TASK BRIEF: Please write out every line of the material, leaving out any picture.

PROVIDED MATERIAL:
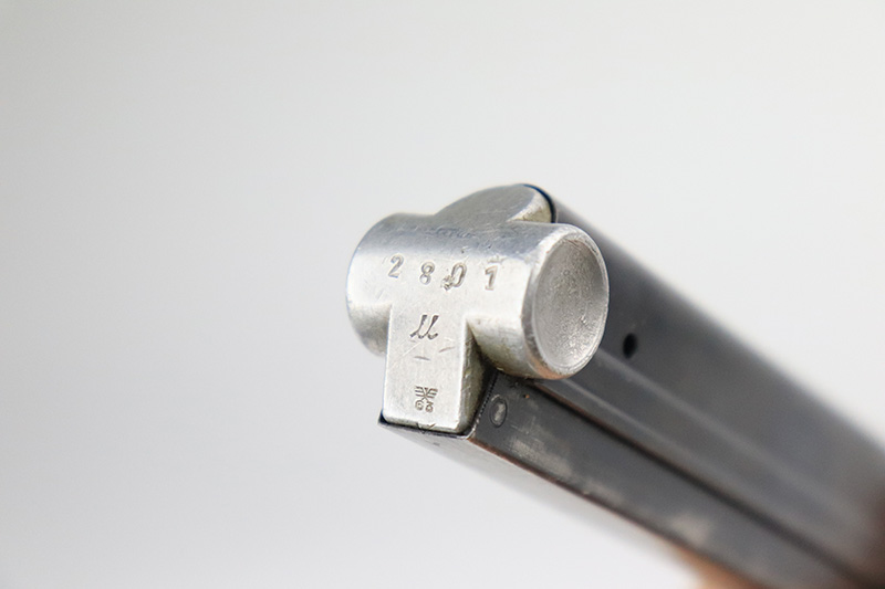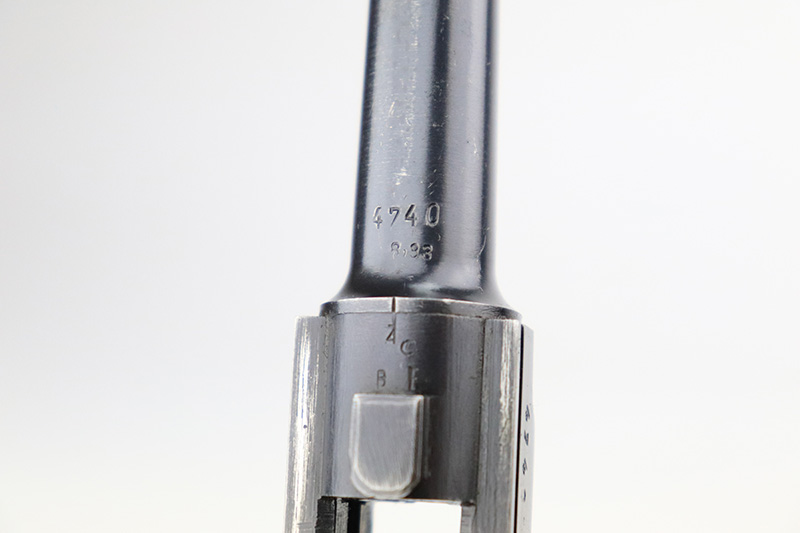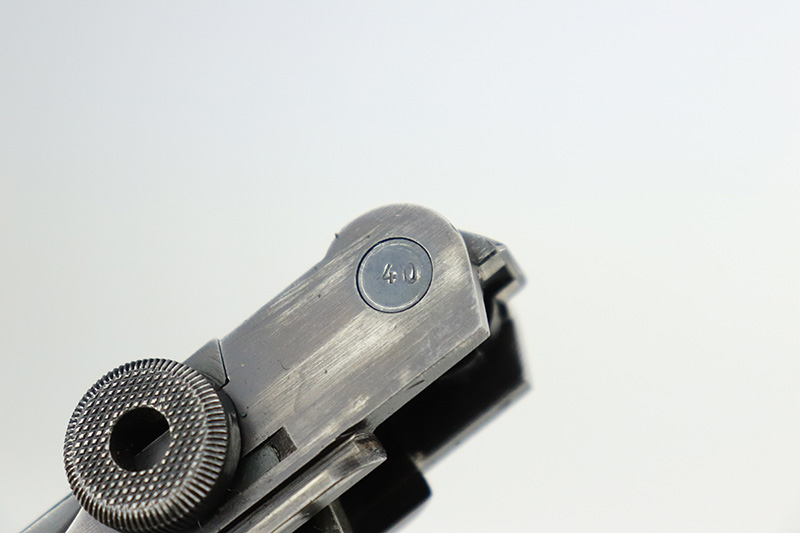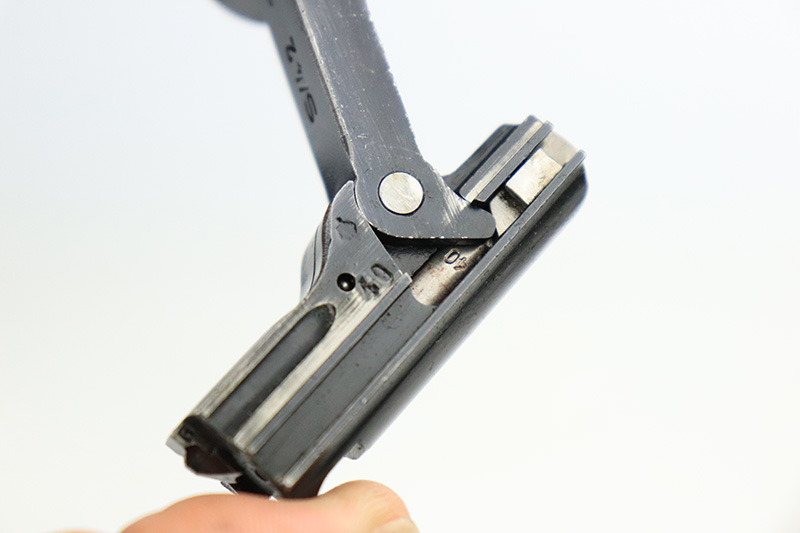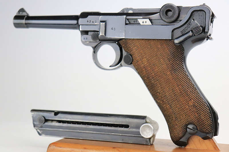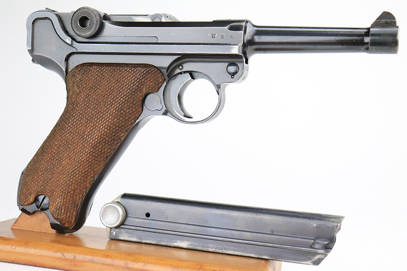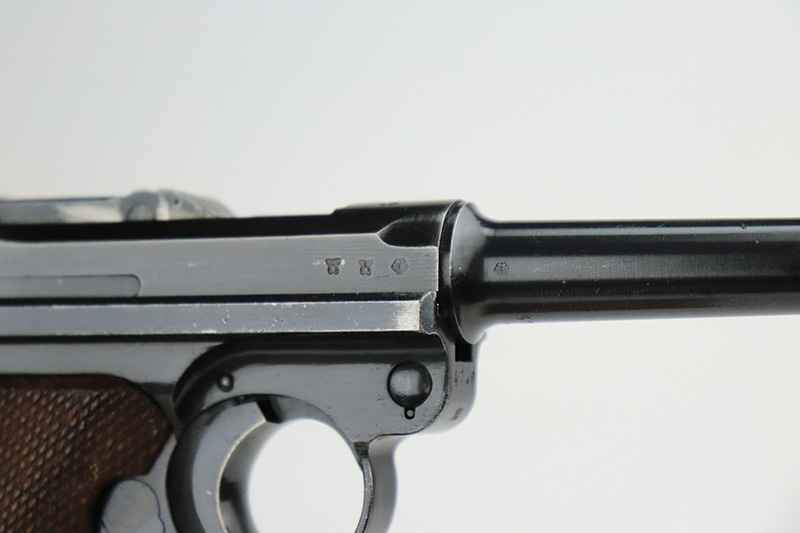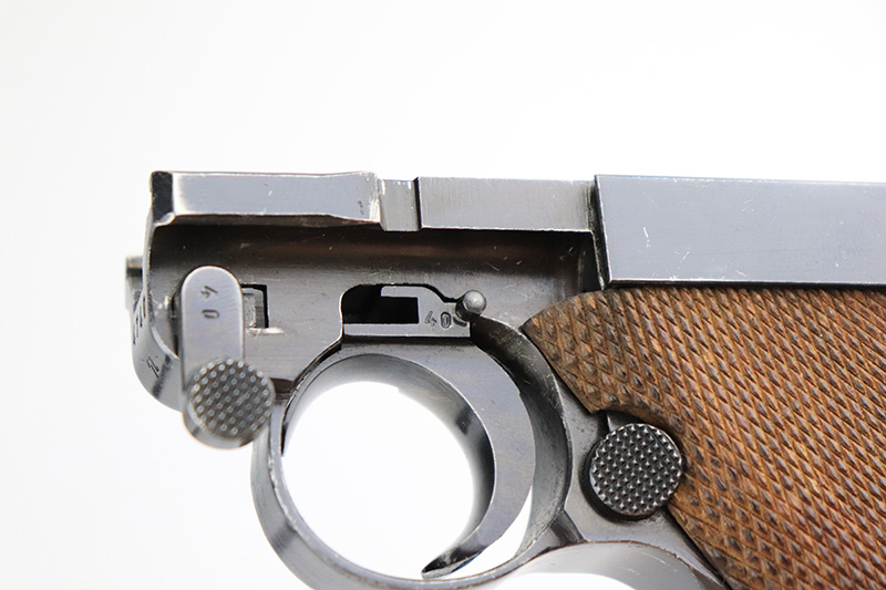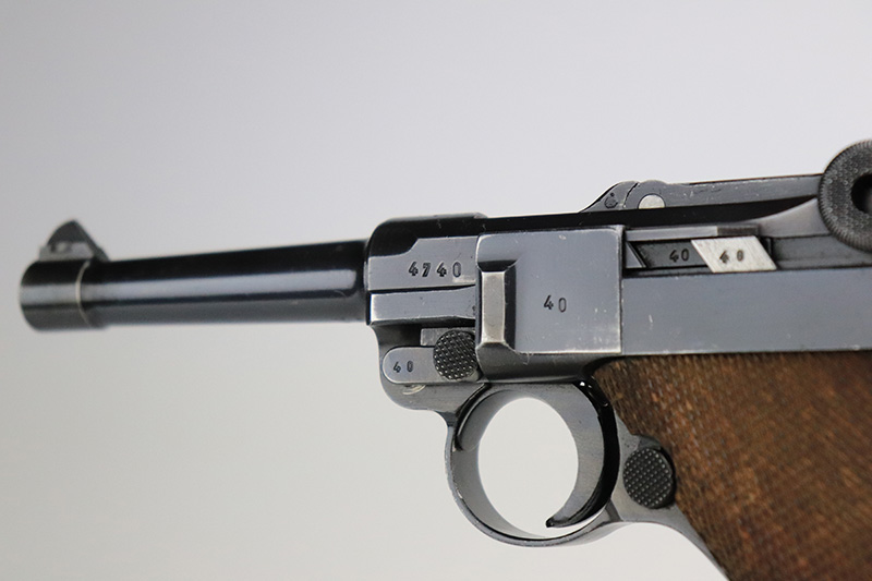 9/22/22 – This is a matching and original Nazi Mauser Luger from 1939. All matching numbered parts on the metal, with a period original but mismatched magazine. The grips are unnumbered and E/135 marked. The bluing is original and rates in the low 90s, with wear on muzzle, sideplate, stock lug and bottom of front strap. Bore is shiny with strong rifling but a little frost throughout. The grips are sharply checkered with a little handling wear on both panels.
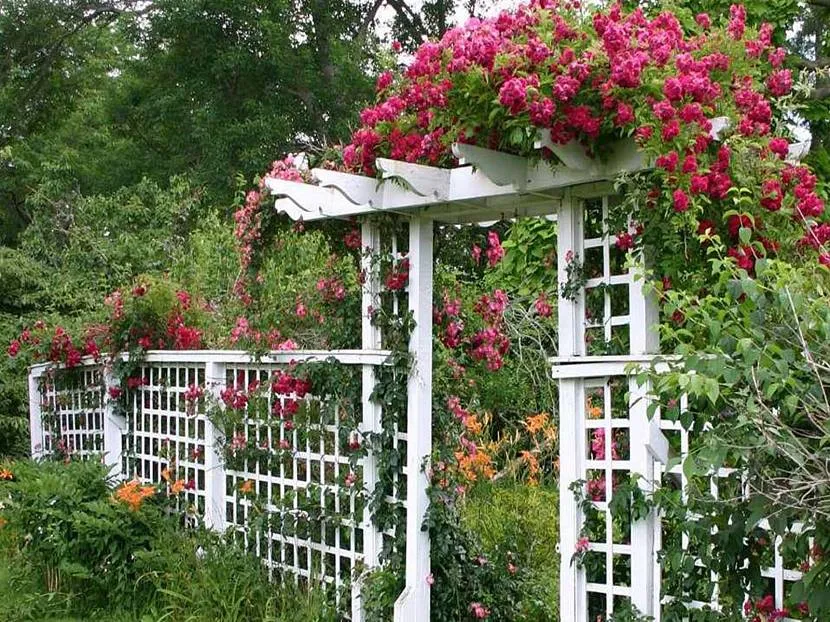 Создается в форме арки, решетки. Каркас, оплетенный лианами или розами, смотрится очень гармонично в саду, палисаднике. Вокруг будут уместны скамейки для отдыха.
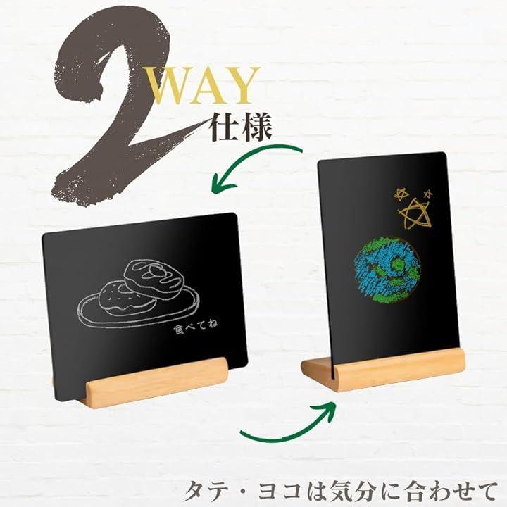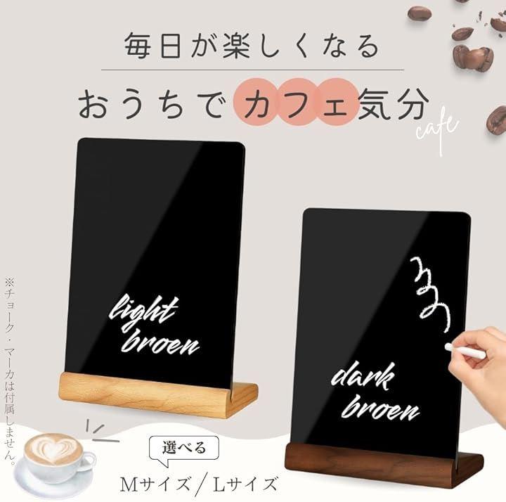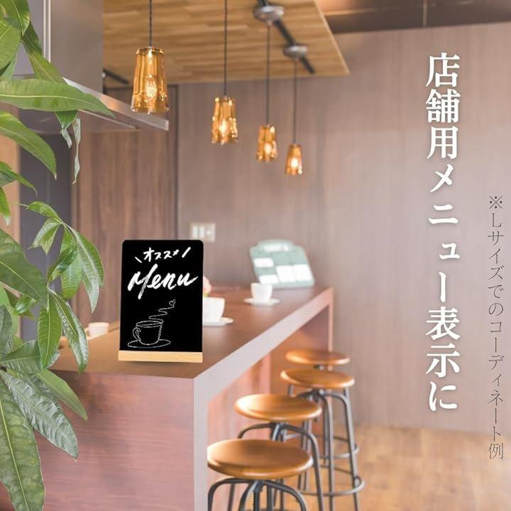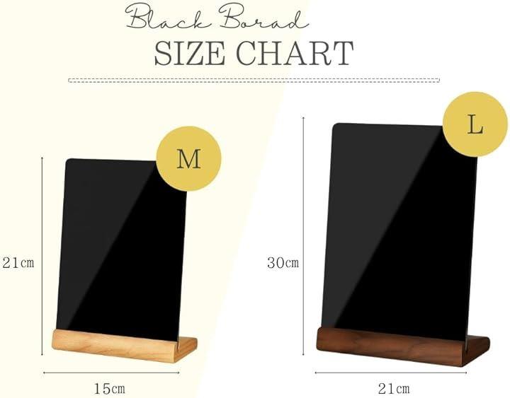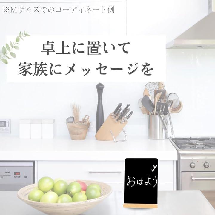 「選べるサイズで自由に」M(210x150 mm)/L(300x210 mm)の2サイズ展開で、店舗やカフェ、家庭でも使用シーンに合わせて選べる卓上黒板です。

OUTPUT OF THE EXERCISE:
 9/22/22 – This is a matching and original Nazi Mauser Luger from 1939. All matching numbered parts on the metal, with a period original but mismatched magazine. The grips are unnumbered and E/135 marked. The bluing is original and rates in the low 90s, with wear on muzzle, sideplate, stock lug and bottom of front strap. Bore is shiny with strong rifling but a little frost throughout. The grips are sharply checkered with a little handling wear on both panels.
 Создается в форме арки, решетки. Каркас, оплетенный лианами или розами, смотрится очень гармонично в саду, палисаднике. Вокруг будут уместны скамейки для отдыха.
 「選べるサイズで自由に」M(210x150 mm)/L(300x210 mm)の2サイズ展開で、店舗やカフェ、家庭でも使用シーンに合わせて選べる卓上黒板です。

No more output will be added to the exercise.